Practice Makes PerfectIn his bestselling book Outliers, Malcolm Gladwell wrote that it takes approximately 10,000 hours of practice to become a master in a particular field. Gladwell based this claim on several studies, including one by German psychologists who researched violinists during the 1990s. The study found that, over their lifetimes, elite violinists averaged 6,000 more hours of practice than non-elite ones.

Some researchers dispute 10,000 hours as the tipping point for mastery, but there’s no disputing that more practice will tend to improve a skill. Racking up hours of practice time can forge permanent connections between mind and muscle that preserve our ability to master various tasks. These connections are made possible by two vital pieces of human equipment: proprioceptors and the cerebellum.
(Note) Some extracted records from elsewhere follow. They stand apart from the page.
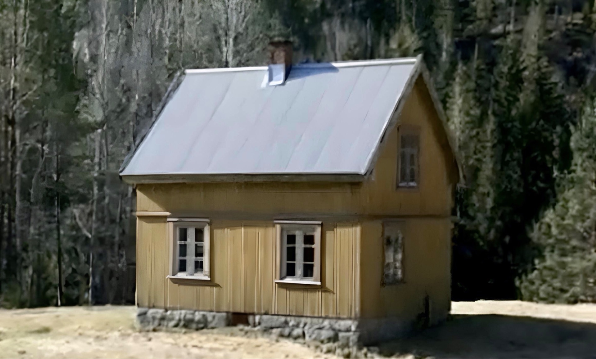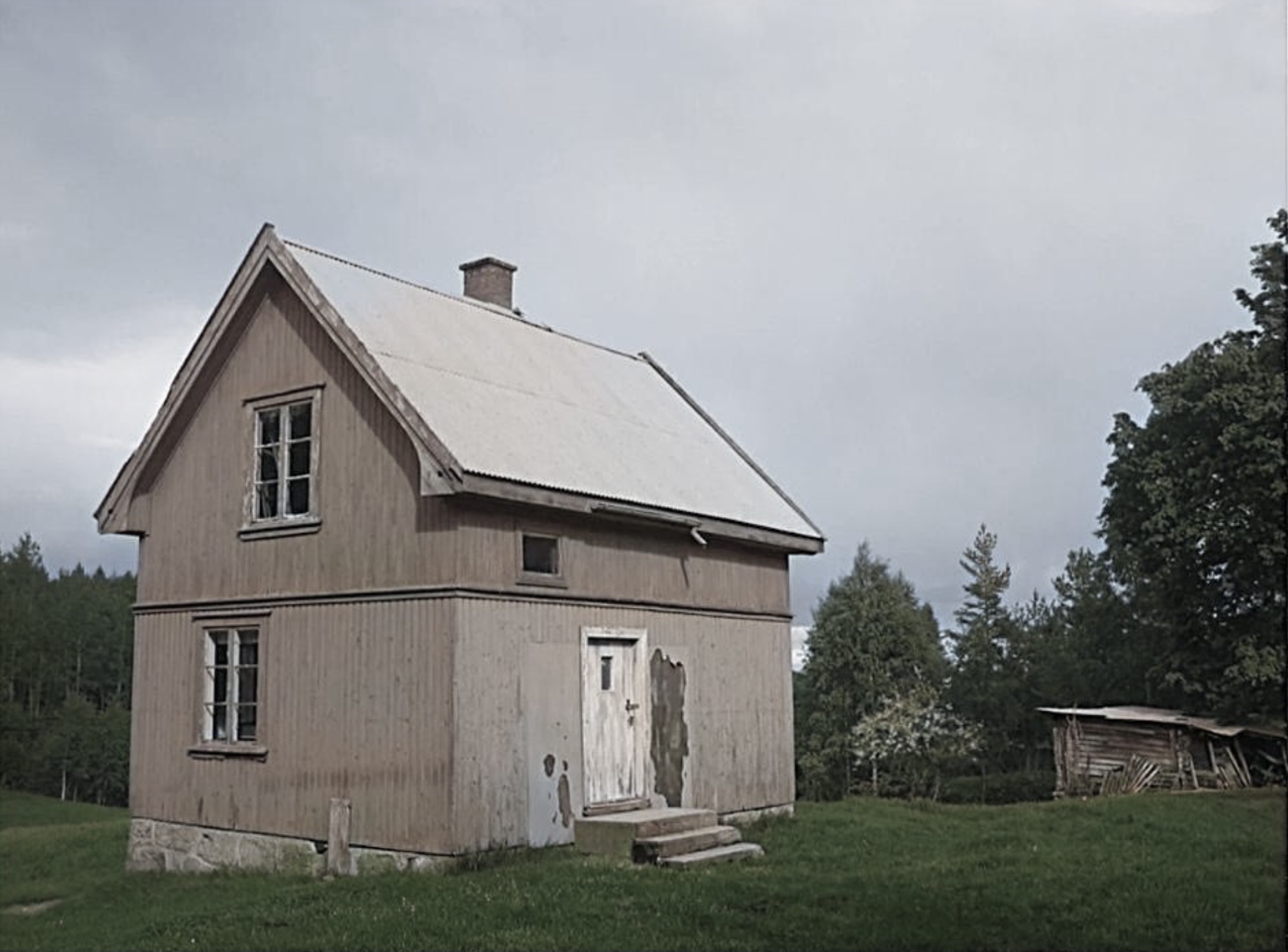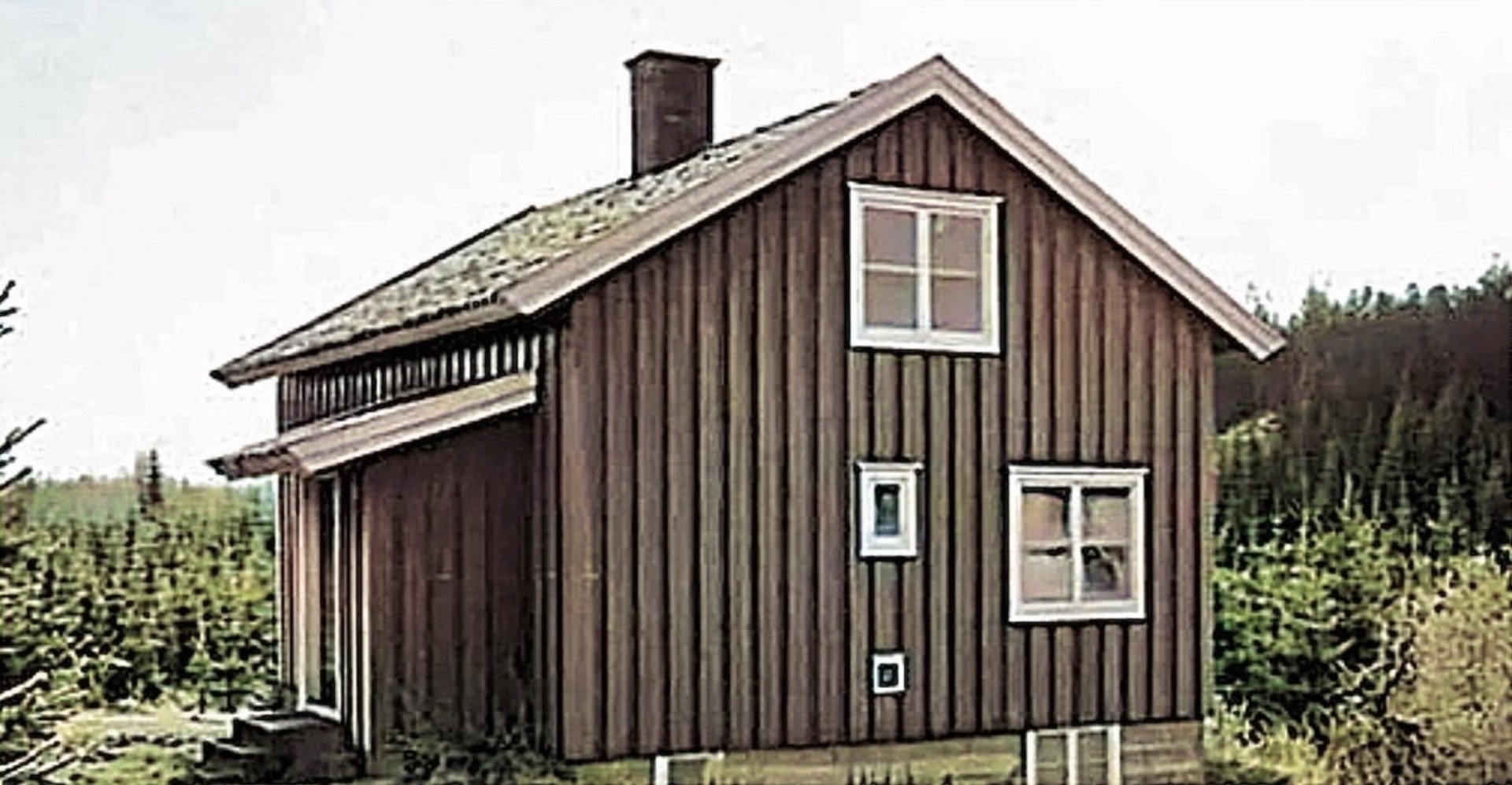 Østsida: Huset måler rundt 5x4 meter med gang, stue og kjøkken nede og 2-3 soverom oppe
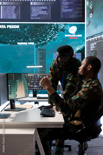 Team of army experts in a command post power base monitors satellite footage, collecting real time data and transmitting important details for a n operational success. Help with decision making.
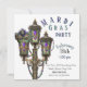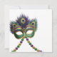 Mardi Gras party invitation featuring a antiqued gas lamp with hanging Mardi Gras beads and mask. Customize this party invitation with all your details. The reverse of this invite features a Mardi Gras mask and beads.
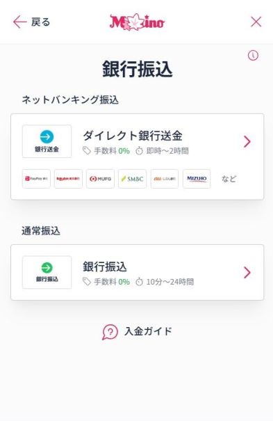 銀行振り込みを導入するオンラインカジノであれば、メガバングだけでなくネット銀行や地方銀行からも入出金ができます。
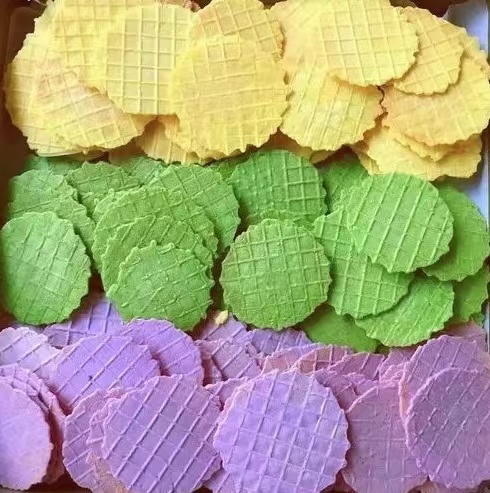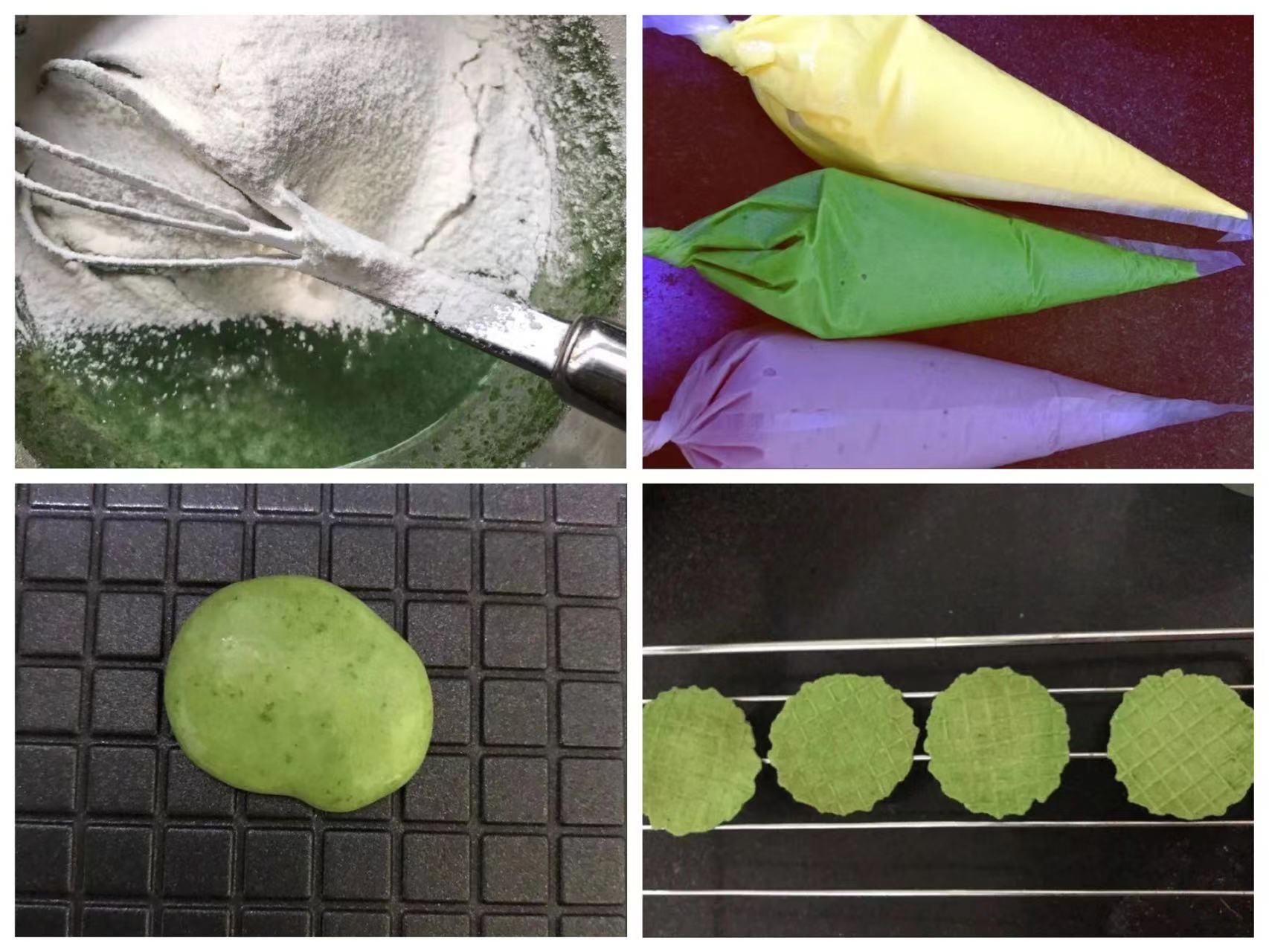 3、面糊装入裱花袋,蛋卷机热以后在上面挤一元硬币大小的面糊;

Proprioceptors are receptors found on nerve endings in muscles, joints, and the inner ear. They collect important information about sensations resulting from changes in the body’s movement and position. Sensory input gathered by the proprioceptors is delivered to the cerebellum, a small structure in the back of the brain. Although it represents only about 10% of the brain’s volume, the cerebellum has more than 50% of the brain’s neurons. It uses this arsenal to help us master skills in two important ways:

  1. It controls the timing of body movements. A neural pathway enables the cerebellum to send signals to neurons in the motor cortex (the part of the brain that controls voluntary movements). The cerebellum continually adjusts these signals according to changes in the body’s position and speed.
  2. It evaluates visual feedback during movement. The cerebellum also analyzes the movement of objects in our field of vision, then adjusts commands to our motor neurons to match the action. For example, if you’re playing the infield in a baseball game, the cerebellum makes sure you move to the left if a ground ball is hit to the left and move with the correct speed depending on how hard the ball was hit.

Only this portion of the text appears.